The while loop executes until the dialog is closed with the title bar's close button. You check with isTouched() in every cycle, if the confirmation button was clicked since the last call of this function. In this case you get the current values of the GUI elements by calling getValue()and transform the text in the text field to a voice like in the preceding examples.
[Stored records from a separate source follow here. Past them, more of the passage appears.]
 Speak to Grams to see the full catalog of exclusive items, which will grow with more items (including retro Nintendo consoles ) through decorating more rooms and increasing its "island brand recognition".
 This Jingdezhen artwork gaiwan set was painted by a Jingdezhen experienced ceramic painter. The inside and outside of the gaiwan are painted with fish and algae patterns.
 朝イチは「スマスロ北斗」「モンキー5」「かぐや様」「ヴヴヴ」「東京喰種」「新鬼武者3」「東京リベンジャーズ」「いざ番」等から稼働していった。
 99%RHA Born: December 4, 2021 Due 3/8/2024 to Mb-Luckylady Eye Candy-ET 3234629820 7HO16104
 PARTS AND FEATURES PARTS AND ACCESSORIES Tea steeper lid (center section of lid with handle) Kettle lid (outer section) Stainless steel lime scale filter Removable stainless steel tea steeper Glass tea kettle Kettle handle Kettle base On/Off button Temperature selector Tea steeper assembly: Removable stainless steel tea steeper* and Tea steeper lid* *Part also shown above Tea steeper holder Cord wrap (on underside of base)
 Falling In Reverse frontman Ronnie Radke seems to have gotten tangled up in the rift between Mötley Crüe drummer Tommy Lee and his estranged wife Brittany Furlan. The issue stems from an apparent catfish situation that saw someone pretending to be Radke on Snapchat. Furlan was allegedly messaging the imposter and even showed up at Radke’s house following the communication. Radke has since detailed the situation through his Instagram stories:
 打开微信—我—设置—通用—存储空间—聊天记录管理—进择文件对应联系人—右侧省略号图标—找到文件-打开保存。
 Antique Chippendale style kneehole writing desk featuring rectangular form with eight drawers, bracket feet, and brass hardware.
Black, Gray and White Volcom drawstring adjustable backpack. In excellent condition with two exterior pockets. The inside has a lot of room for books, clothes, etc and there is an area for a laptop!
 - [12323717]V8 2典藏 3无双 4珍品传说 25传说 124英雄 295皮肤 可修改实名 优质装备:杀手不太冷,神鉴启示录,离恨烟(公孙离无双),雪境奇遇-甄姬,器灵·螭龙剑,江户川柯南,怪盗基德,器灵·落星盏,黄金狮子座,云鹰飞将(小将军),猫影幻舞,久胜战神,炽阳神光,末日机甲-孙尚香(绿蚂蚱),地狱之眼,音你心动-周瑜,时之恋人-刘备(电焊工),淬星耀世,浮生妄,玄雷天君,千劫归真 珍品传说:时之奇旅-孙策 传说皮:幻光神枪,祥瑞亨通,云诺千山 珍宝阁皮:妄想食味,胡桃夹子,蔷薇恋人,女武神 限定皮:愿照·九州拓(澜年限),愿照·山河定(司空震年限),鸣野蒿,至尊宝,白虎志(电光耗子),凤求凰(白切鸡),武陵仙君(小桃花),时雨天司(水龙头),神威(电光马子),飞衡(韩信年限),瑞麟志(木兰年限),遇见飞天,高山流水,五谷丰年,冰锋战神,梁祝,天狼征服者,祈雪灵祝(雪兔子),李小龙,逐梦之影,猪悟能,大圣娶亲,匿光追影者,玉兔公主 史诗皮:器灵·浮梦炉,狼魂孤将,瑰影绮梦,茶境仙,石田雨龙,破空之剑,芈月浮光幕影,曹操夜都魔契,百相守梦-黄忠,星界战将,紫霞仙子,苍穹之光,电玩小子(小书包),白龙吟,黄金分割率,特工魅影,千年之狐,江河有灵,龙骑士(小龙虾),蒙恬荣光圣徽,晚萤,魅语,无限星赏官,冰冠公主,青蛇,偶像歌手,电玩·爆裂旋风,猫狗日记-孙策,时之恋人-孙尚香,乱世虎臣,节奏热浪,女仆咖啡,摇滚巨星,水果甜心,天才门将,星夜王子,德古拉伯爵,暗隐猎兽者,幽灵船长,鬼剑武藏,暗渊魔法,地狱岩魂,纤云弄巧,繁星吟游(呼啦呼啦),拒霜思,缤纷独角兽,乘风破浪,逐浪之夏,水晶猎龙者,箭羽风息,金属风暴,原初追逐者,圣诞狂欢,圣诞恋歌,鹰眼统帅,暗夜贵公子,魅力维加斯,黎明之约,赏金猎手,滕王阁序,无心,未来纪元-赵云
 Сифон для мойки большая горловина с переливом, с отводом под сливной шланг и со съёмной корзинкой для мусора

It is a bit dangerous to go through such "narrow" loops, because you waste lot of processing time for nothing other than just a check whether the button was pressed. However, when you call isTouched() the program will automatically stop for a short time (1ms) so that the throughput is slightly slowed down.

 

 

EXERCISES

 

1.


Find or write a short poem as a text file, for example:

Advice To A Son by Ernest Hemingway.

Never trust a white man,
Never kill a Jew,
Never sign a contract,
Never rent a pew.
Don't enlist in armies;
Nor marry many wives;
Never write for magazines;
Never scratch your hives.
Always put paper on the seat,
Don't believe in wars,
Keep yourself both clean and neat,
Never marry whores.
Never pay a blackmailer,
Never go to law,
Never trust a publisher,
Or you'll sleep on straw.
All your friends will leave you
All your friends will die
So lead a clean and wholesome life
And join them in the sky.

             Ernest Hemingway (Download)

With the line text = open("poem.txt", "r").read() you can read the text from the text file sorcery.txt, in the same directory as your program, as string. Let the text be read by the English voice.


2.


Define the function fac(n) either iteratively or recursively, which returns the factorial

n! = 1 * 2 * ... *n

Your program should ask you for a number between 0 and 10 using readInt() and also speak the question out loud. It then calculates the factorial n! of the entered number and outputs the result as spoken text.